▶ _Task directions_: Pictures stay out; print the rest of the listing below exactly as it stands.

** Data below follows **

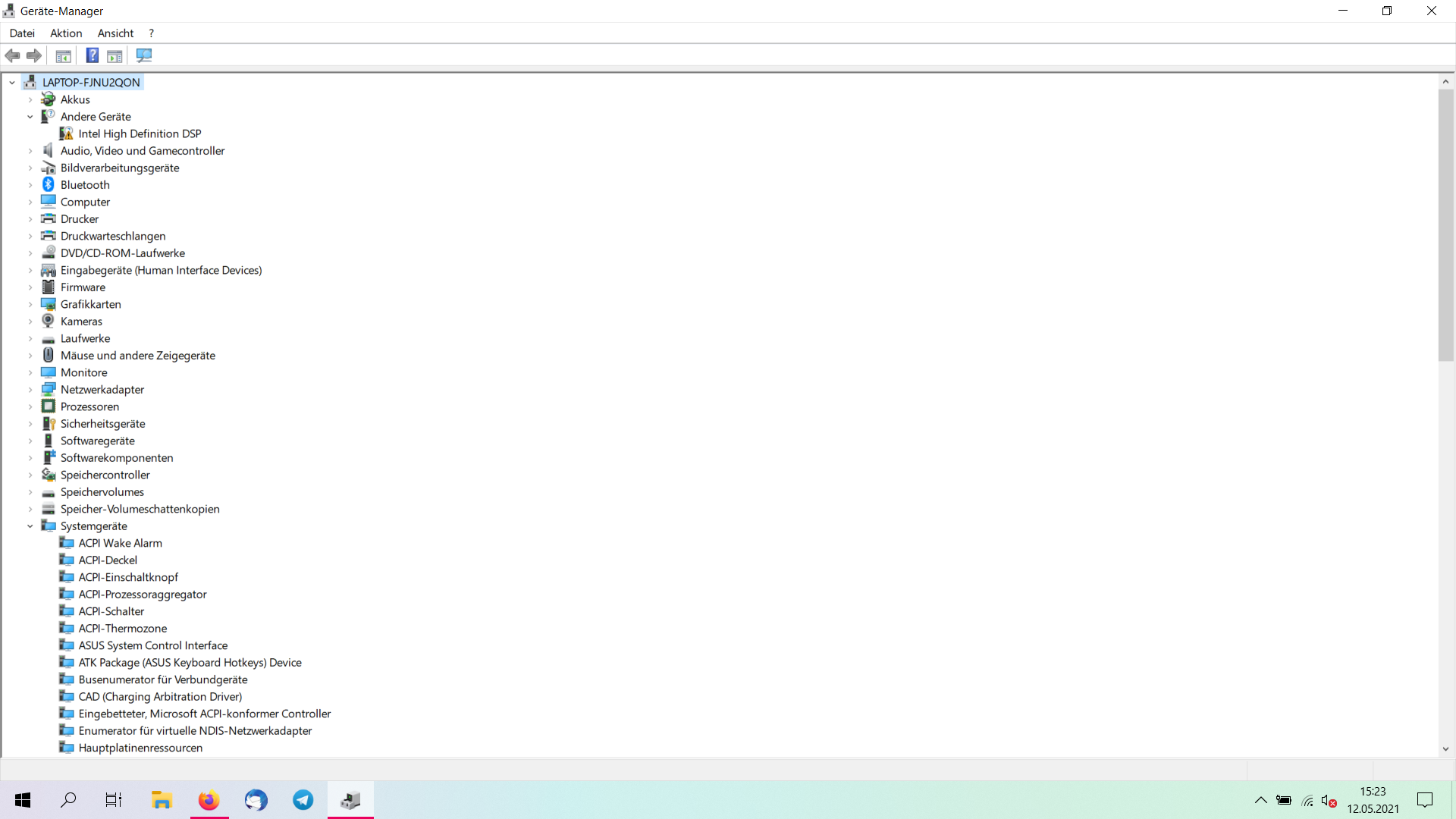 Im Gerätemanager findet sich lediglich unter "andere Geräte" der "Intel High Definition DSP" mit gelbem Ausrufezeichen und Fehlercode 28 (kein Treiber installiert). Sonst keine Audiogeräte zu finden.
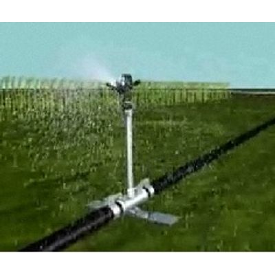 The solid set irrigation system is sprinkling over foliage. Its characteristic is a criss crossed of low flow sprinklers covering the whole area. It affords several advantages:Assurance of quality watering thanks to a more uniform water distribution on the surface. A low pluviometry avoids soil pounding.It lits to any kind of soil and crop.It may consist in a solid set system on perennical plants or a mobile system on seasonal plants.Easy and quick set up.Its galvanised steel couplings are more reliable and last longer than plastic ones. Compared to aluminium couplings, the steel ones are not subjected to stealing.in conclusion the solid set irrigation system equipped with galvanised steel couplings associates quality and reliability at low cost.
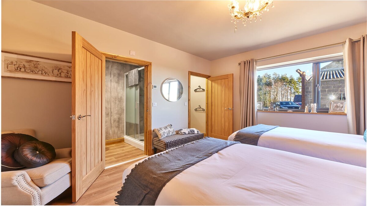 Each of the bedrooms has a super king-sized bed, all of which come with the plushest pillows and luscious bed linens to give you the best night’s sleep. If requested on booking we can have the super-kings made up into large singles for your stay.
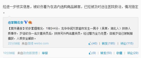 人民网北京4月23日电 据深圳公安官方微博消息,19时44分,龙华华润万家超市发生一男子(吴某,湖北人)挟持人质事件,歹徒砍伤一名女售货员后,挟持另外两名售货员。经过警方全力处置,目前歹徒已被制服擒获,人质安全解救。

** End of Data below **

▶ _Task result_:
 Im Gerätemanager findet sich lediglich unter "andere Geräte" der "Intel High Definition DSP" mit gelbem Ausrufezeichen und Fehlercode 28 (kein Treiber installiert). Sonst keine Audiogeräte zu finden.
 The solid set irrigation system is sprinkling over foliage. Its characteristic is a criss crossed of low flow sprinklers covering the whole area. It affords several advantages:Assurance of quality watering thanks to a more uniform water distribution on the surface. A low pluviometry avoids soil pounding.It lits to any kind of soil and crop.It may consist in a solid set system on perennical plants or a mobile system on seasonal plants.Easy and quick set up.Its galvanised steel couplings are more reliable and last longer than plastic ones. Compared to aluminium couplings, the steel ones are not subjected to stealing.in conclusion the solid set irrigation system equipped with galvanised steel couplings associates quality and reliability at low cost.
 Each of the bedrooms has a super king-sized bed, all of which come with the plushest pillows and luscious bed linens to give you the best night’s sleep. If requested on booking we can have the super-kings made up into large singles for your stay.
 人民网北京4月23日电 据深圳公安官方微博消息,19时44分,龙华华润万家超市发生一男子(吴某,湖北人)挟持人质事件,歹徒砍伤一名女售货员后,挟持另外两名售货员。经过警方全力处置,目前歹徒已被制服擒获,人质安全解救。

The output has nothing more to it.